Table 1. A summary of study characteristics and results of included studies .
AHI, apnea-hypopnea index; MAD, Mandibular advancement devices; TRD, Tongue restraining devices; ESS, Epworth sleepiness scale; EDS, excessive daytime sleepiness; OSA, Obstructive sleep apnea; SaO2, mean arterial oxygen saturation; FOSQ, Functional Outcomes of Sleep Questionnaire, ODI oxygen desaturation index; nCPAP, nasal Continuous Positive Airway Pressure
| Reference | Year of Publication | Methods | Participants | Interventions | Outcomes |
| Aarab et al. [16] | 2011 | Parallel Randomised controlled trial | mild/moderate obstructive sleep apnea patients | MAD (n = 21) and nCPAP (n = 22) | AHI, events/h, EDS, Respiratory arousal |
| Schutz et al. [17] | 2013 | Parallel Randomised trial | 25 OSA Patients | MAD (n = 9) and nCPAP (n = 9) | AHI, ESS |
| Phillips et al. [18] | 2013 | Randomized crossover trial | 108 patients with moderate-severe OSA | MAD (n = 56) andnCPAP (n = 52) | AHI, OD, ESS |
| Nikolopoulou et al. [19] | 2017 | Randomised placebo-controlled trial | Participants were at least 18 years old with an AHI of 5–45 events per hour | MAD (n = 20) and nCPAP (n = 18). Placebo (n = 19) | AHI (events per hour), Total sleep time, Respiratory arousal index |
| Wojda et al. [20] | 2018 | Parallel randomised trial | 16 OSA patients | MAD (n = 8) and nCPAP (n = 8) | AHI, ESS, SaO2 |
| Banhiran et al. [21] | 2019 | Randomized crossover study. | Thirty-six patients with AHI ≥ 5 events/h | TRD (n = 13) and nCPAP (n = 14) | WatchPAT AHI, FOSQ, ESS, adverse side effects, and self-reported compliance |
Risk of bias assessment
The Cochrane Handbook of Systematic Review used RoB 1.0 (Risk of Bias 1.0) to assess seven domains such as sequence generation, allocation concealment, blinding of participants and personnel, blinding of outcome assessor, incomplete outcome, selective outcome reporting, and other bias if any. Each domain was assigned a risk of bias assessment of low, high, or unclear. Risk of bias is shown in Figure 2.

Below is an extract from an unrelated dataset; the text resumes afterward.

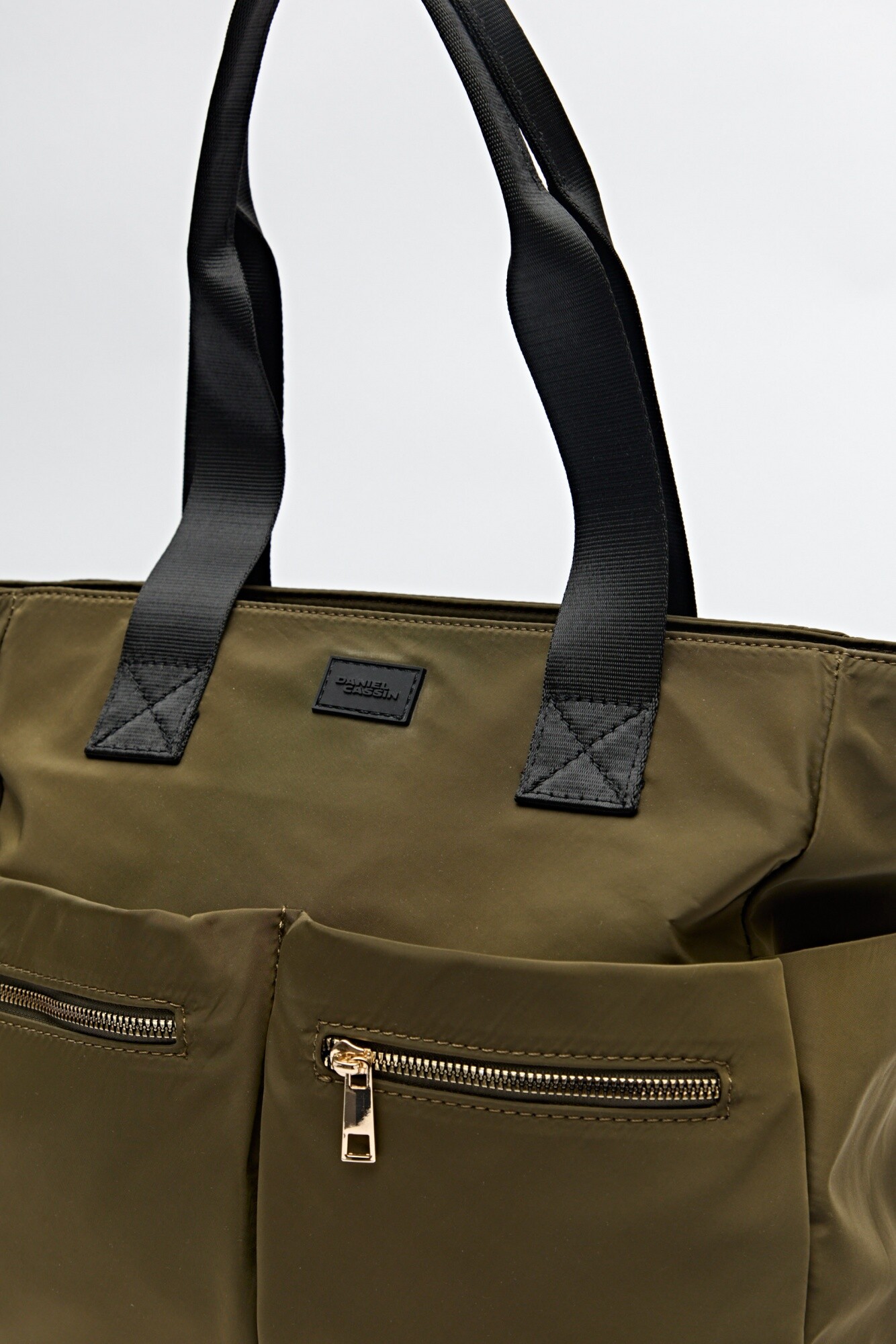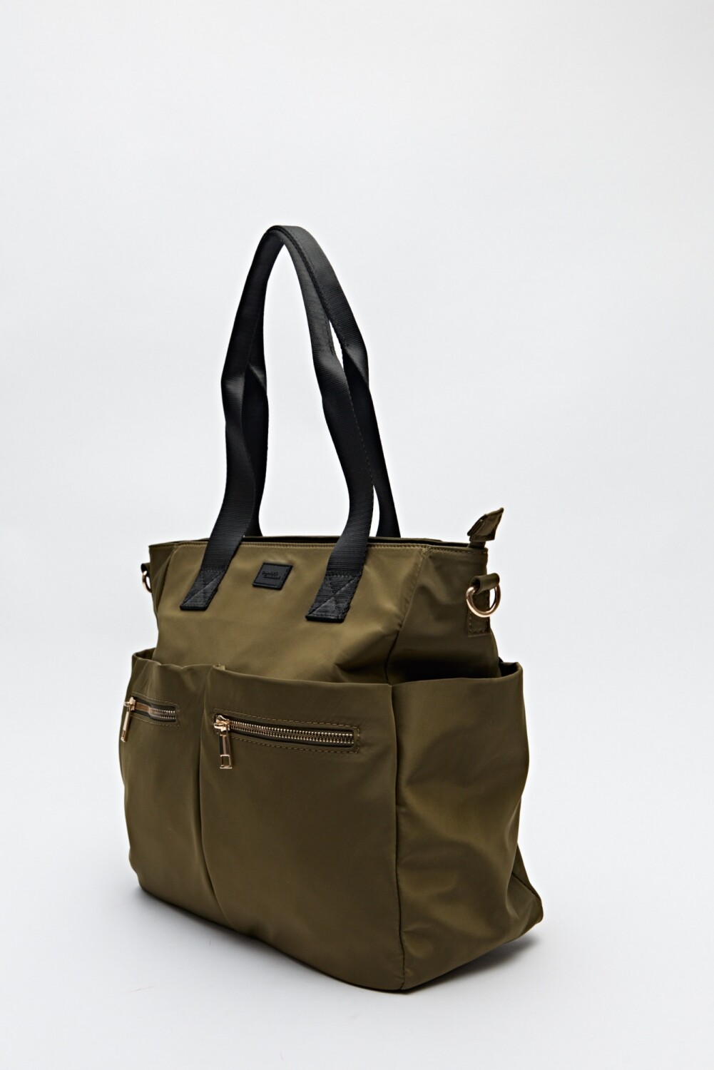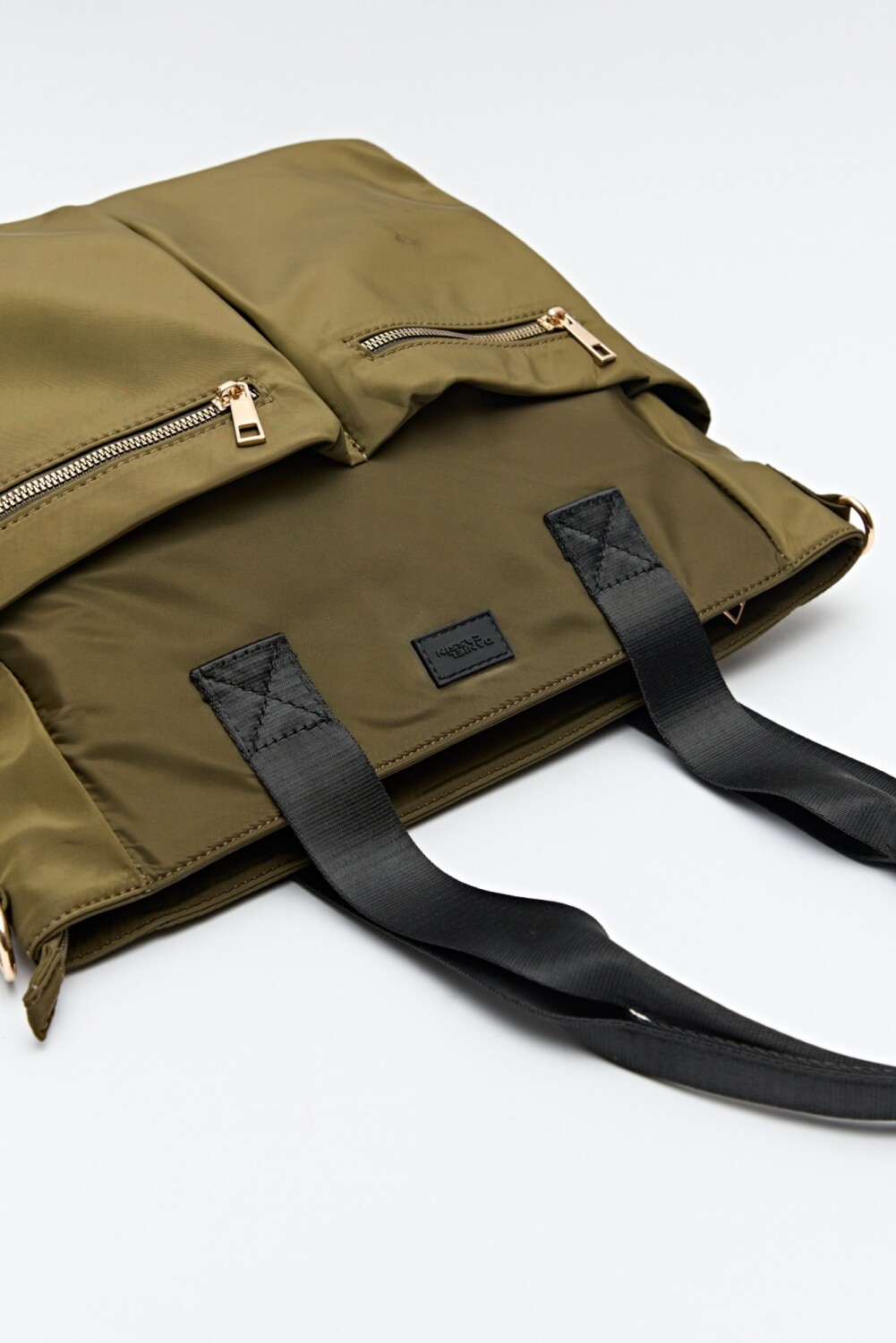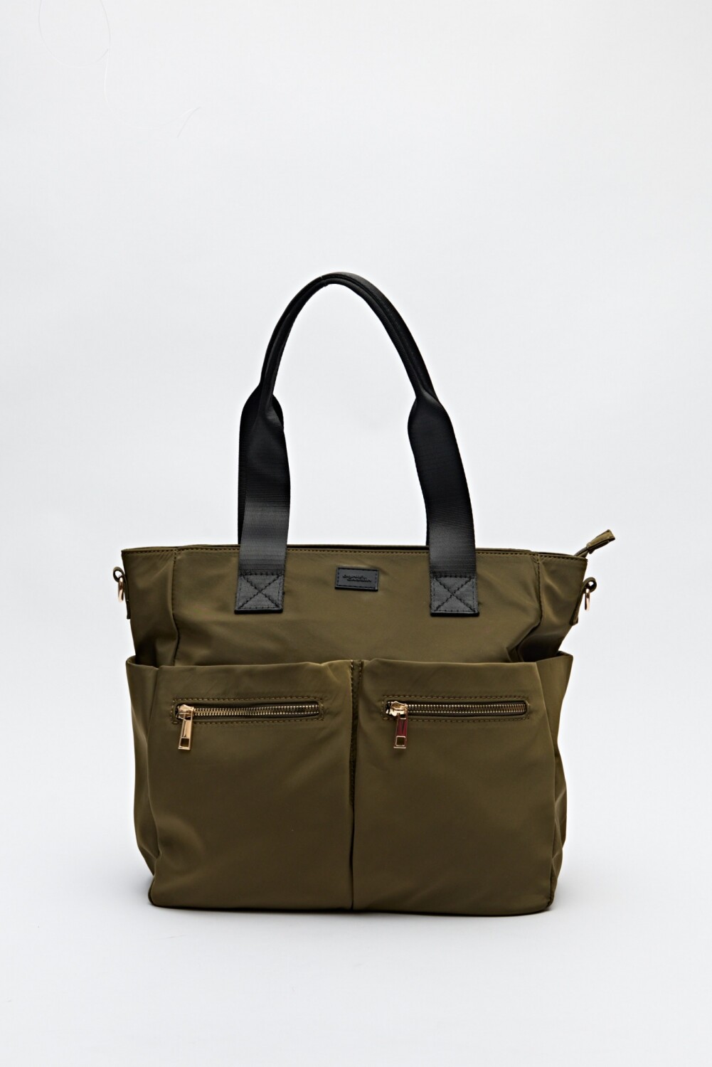 Cartera estilo tote confeccionada en nylon, pensada para acompañarte en la rutina diaria con practicidad y estilo. Su diseño amplio incluye bolsillos frontales con cierre metálico, asas resistentes y correa regulable y desmontable para llevar al hombro o cruzada. Perfecta para sumar un toque urbano y funcional a tus looks.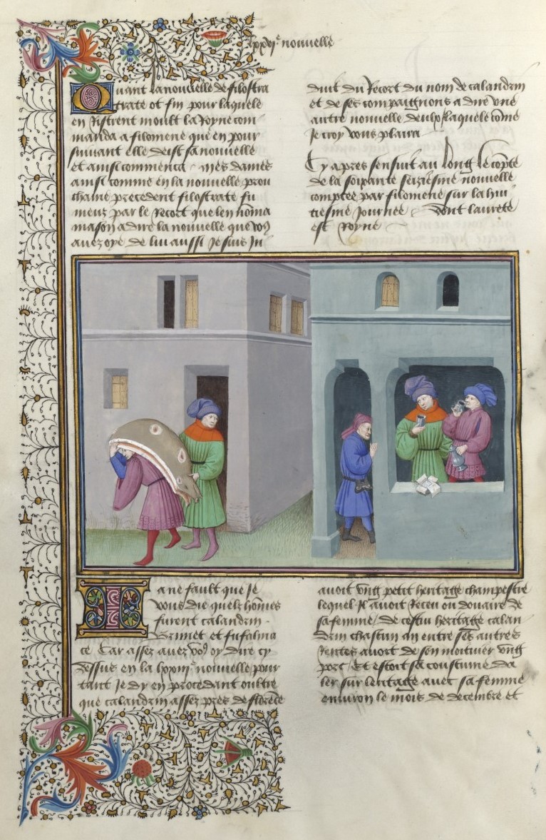 This version of Boccaccio's 'Decameron' is a translation into Flemish by Laurent de Premierfait said to be dateable to 1432. It contains an illustration showing a box which appears to have been made by folding a sheet of either paper or parchment. As far as I know this picture was first drawn to the attention of the paperfolding world in a letter from Barbara Benson of Atlanta Georgia (aka Donna Serena de Riva) to David Lister, see https://www.yumpu.com/en/document/read/11546606/paper-folding-in-15th-century-europe-welcome-to-my-website-it- **********

Figure 2. Risk of bias graph: Authors' judgments about all included studies. Risk of bias item presented in percentage.
The meta-analyses included only RCT studies on OSA patients comparing similar results with the same therapies (CPAP, MAD, and TRD). The effect estimate was the difference in means for all of the reported outcomes. When statistical heterogeneity (Q) (p value <0.10) was discovered, the random-effects model was utilised to report pooled findings. Sensitivity tests for the difference in outcome between baseline and post-treatment were performed using a different effect measure (standardised difference in means). For polysomnographic outcomes, we calculated the mean and standard deviation of AHI comparing oral appliance and CPAP patients, as well as before and after appliance therapy. Given the clinical and methodological variability of the available data, we pooled the incident rates and ORs using a random-effects model. RevMan5 was used for meta-analysis. Six trials reported the mean and standard deviation of AHI after therapy. Statistical heterogeneity was discovered (Q p <.00001). I2=86% CPAP significantly reduced AHI compared to oral appliance users (random-effects: difference in means = 8.40, 95%CI=7.21 to 9.60; p <0.00001). Figure 3 shows the forest plot comparison of treatment effects (mean AHI) of oral appliances and CPAP. Figure 4 shows the funnel plot demonstrating mean AHI comparing the appliance therapy and CPAP. Figure 5 shows the plot of forest AHI before and after treatment with oral appliances was compared in six randomized controlled trials. Figure 6 shows the funnel plot demonstrating mean AHI after the appliance therapy.
Figure 3. Forrest plot comparison of treatment effects (mean AHI) of oral appliances and CPAP.
CI, confidence interval; df, degrees of freedom; IV, inverse variance; AHI, apnea-hypopnea index; ΔAHI, change in apnea-hypopnea index; SD, standard deviation, CPAP: Continuous Positive Airway Pressure
Figure 4. Funnel plot demonstrating mean AHI comparing the appliance therapy and CPAP.
AHI, apnea-hypopnea index; CPAP, continuous positive airway pressure
Figure 5. Plot of forest AHI before and after treatment with oral appliances was compared in six randomised controlled trials.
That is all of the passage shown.